L'affaire est dans le sac quand, deux jours avant la sortie, on le trouve enfin sur le réseau. Son normal, presque complet (il manque le dernier titre). On se pose, on écoute, sur la chaîne hi-fi. Ça commence avec ce titre qu'on avait trouvé trop dégoulinant de violons, Visions Of Paradise, qui sonne plutôt bien dans le fond, très "catchy", et qui sera d'ailleurs le deuxième simple. Joy ensuite, le duo avec Bono. Là aussi, ça tient la route. Dancing In the Starlight, ballade up-tempo, remplit son office sans problème. God Gave Me Everything apparaît tout compte fait comme le maillon faible, avec Everybody Getting High. Au revoir ! Puis Hide Away, excellent tribute à la musique de jeunes d'aujourd’hui, et le morceau titre, qui remporte la palme de meilleur chanson de l'album. Un rock éthéré, aux paroles obscures, du bon Jagger, enfin ! Les trois inévitables ballades jaggeriennes sont sans intérêt : Don't Call Me Up, Too Far Gone et Brand New Set Of Rules. On zappe ! Restent Lucky Day et Gun. La première est une nouvelle incursion dans les sonorités "modernes", pas inintéressante et qui rappelle un peu l'excellent (si si...) Sweet Thing ; la seconde un rock bien plus inspiré que le Kravitz, bastonné par Pete Qui. Enfin, pour la bonne bouche, on trouve sur le Net un titre bonus qui sortira en "face B" de "Visions Of Paradise", If Things Could Be Different. Une chouette ballade acoustique up-tempo qui aurait bien remplacé Too Far Gone, au hasard...

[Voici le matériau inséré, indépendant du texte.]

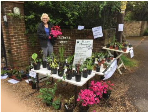
Wendy's Kerbside Plant Sale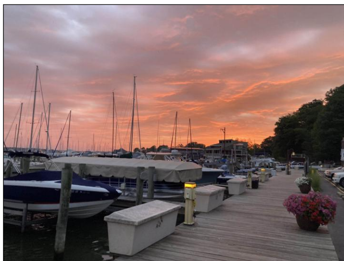
Sunrise from A Dock Boardwalk (from Wade)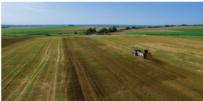
Figure 1: Aerial view of manure application

One of the most important practices when applying compost and solid manure is taking samples for analysis. The greatest barrier to effectively using the nutrients in manure or compost is not knowing what is in the material, and compounding this is the variability of the material itself. “Book values” for nutrients in manure, calculated from the results of many lab analyses, are a place to start, but they may not match what is in your pile or your pit very well. Collecting and analyzing samples from your manure or compost will give you confidence in the nutrient credits for those materials, as analysis results will provide a more comprehensive understanding of the C:N ratio, pH, dry matter, and plant essential nutrients; however, only if the sample submitted to the laboratory represents what is actually applied to your fields. This means understanding the sources of variability in your manure. This factsheet will outline sampling strategies and techniques for compost and solid manure to ensure representative samples.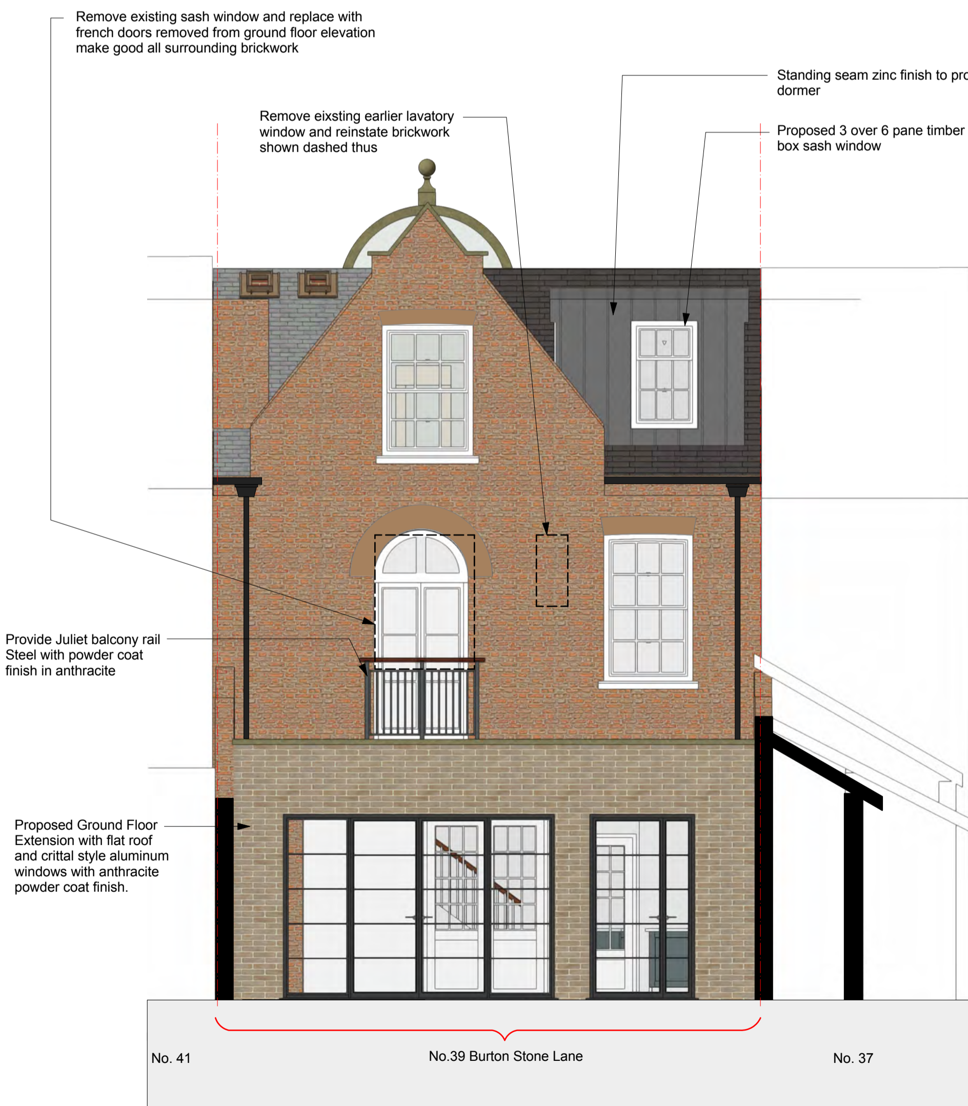
5 Proposed North West Elevation Thro' garden Scale: 1:50

See Rear Elevation on drawing no. BSL-V-100-27 for further details of carport

Au final, qu'avons-nous dans les mains ? Une galette loin, très loin d'être aussi habitée et inspirée que "Wandering Spirit", mais tout de même meilleur que les deux premiers opus. Pas difficile diront certains. C'est vrai, mais on a frôlé la catastrophe... "Goddess In The Doorway" est bel et bien un album de Mick Jagger, un disque qui lui ressemble finalement assez. Commercial ? Oui, et alors ? Mick est commercial ! Il ne cède pas à toutes les modes, contrairement au mauvais procès qu'on peut lui faire ici ou là. Il les suit, tout simplement, en faisant la musique qu'il aime. "Wandering Spirit" était un disque de guitariste (Jimmy Rip). C'est sans doute ce qu'il manque à cet opus, quelques titres de la trempe de Wandering Spirit (le morceau) ou Wired All Night. On s'en contentera, même si l'épreuve du temps a rangé ce CD aux côtés de ceux qui restent sous la poussière, pour la collec'.